A silky idea drives innovation

Using silk fibres, two young women have devised a method to regenerate vertebral discs, thus providing a cheaper remedy for back pain

February 09, 2014 04:55 pm | Updated May 18, 2016 07:06 am IST - Hyderabad

Maumita Bhattacharjee and Sannidhi Jhala, winners of the Young Innovator prize, receiving a cheque of Rs. 10 lakh from Rajeev A. Vaidya, DuPont president for South Asia and ASEAN

Maumita Bhattacharjee and Sannidhi Jhala, winners of the Young Innovator prize, receiving a cheque of Rs. 10 lakh from Rajeev A. Vaidya, DuPont president for South Asia and ASEAN

A silky idea promises to provide a smooth way out for lower-back pain. A student of IIT Delhi has come up with a novel idea of using silk fibres, developed through a silk-winding machine, to regenerate the Inter Vertebral Disc (IVD) in the spinal column, thus bringing huge relief to the rapidly growing tribe of patients suffering from back pain.

What differentiates fibres produced through this machine from existing treatment modalities is that these fibres restore the normal biological and mechanical properties of the human spine, says Maumita Bhattacharjee, a Ph.D from IIT Delhi and one of the two who came up with the idea.

Along with Sannidhi Jhala, a management student at ISB Mohali and hailing from Hyderabad, Maumita submitted the idea at a Young Innovator competition organised by DuPont recently, in the process winning a cash prize of Rs. 10 lakh. The duo also got an opportunity to visit the DuPont Headquarters in Wilmington, Delaware, USA.

The competition attracted the best young minds from science, technology and business schools of India to come together and showcase ground-breaking innovations and their go-to-market strategies across key sectors like energy, safety and sustainability, food and agriculture, healthcare, nutrition and infrastructure and presented business plans on these ideas.

“Several attempts were made to engineer the IVD tissue using a variety of chemical compositions and scaffold architectures but the silk-fibre based bio-materials produced by my machine simulate the precise anatomical orientation of fibres in outer IVD layer and match its stiffness,” claims Maumita.

“We sold the idea to several orthopaedics and they are pretty excited about it.
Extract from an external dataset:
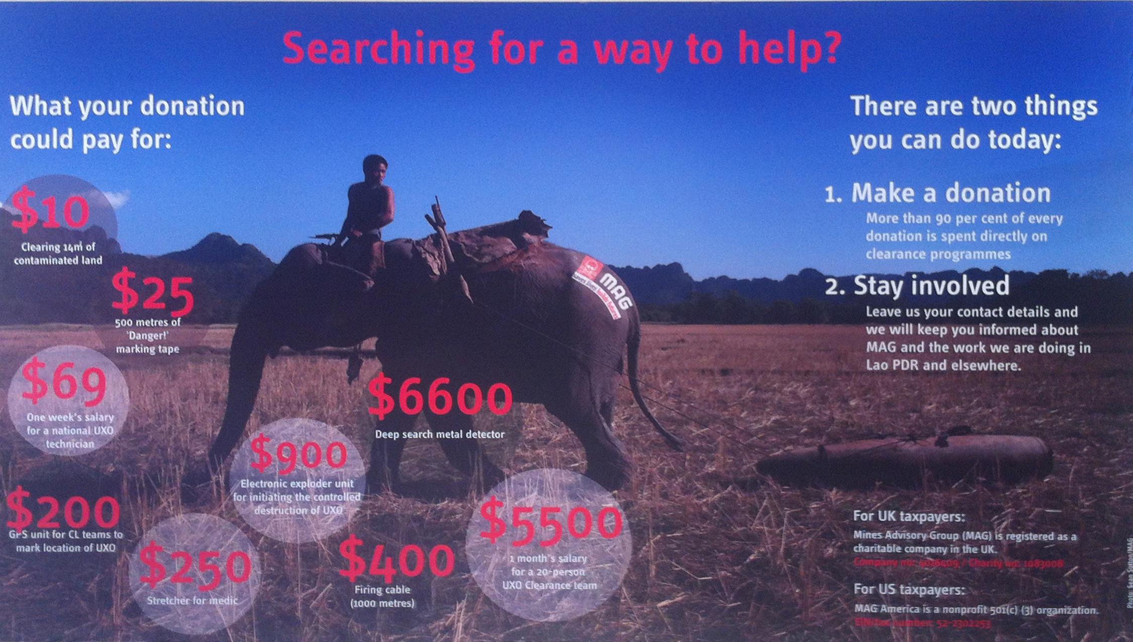 Lors d’un passage à Phonsavanh, une visite au M.A.G. s’impose. Il y a environ 20ans, le groupe ‘’Mines Adversory Group’’ (M.A.G.) a été créé afin de nettoyer le territoire et sensibiliser la population locale au danger dû aux U.X.O.

It is much cheaper than the present alternatives where ceramic and metallic prosthetic discs are used in the surgery,” says Sannidhi, who designed the marketing strategy for the product.

“The metal disc costs about Rs. 4 lakh while silk disc will cost around Rs. 30,000,” she says.

Maumita designed the winding machine using stepper motors and decks from old broken tape recorder.

“The machine facilitated alignment of silk fibre at an angle of approximately 30 degree in one layer and oriented in opposite direction in successive layers that represent orientation of fibres in the IVD layer.”

The young researcher points out that the biomaterials developed by this machine mimic the natural body mechanism with regard to flexibility and is a better solution compared to the current treatment modalities. The results in the lab conditions have been highly successful and the effort is on to test it on the animals.

“We need at least two years for the idea to become operational,” she says and sounds quite confident of changing the lives of people suffering with lower back pain.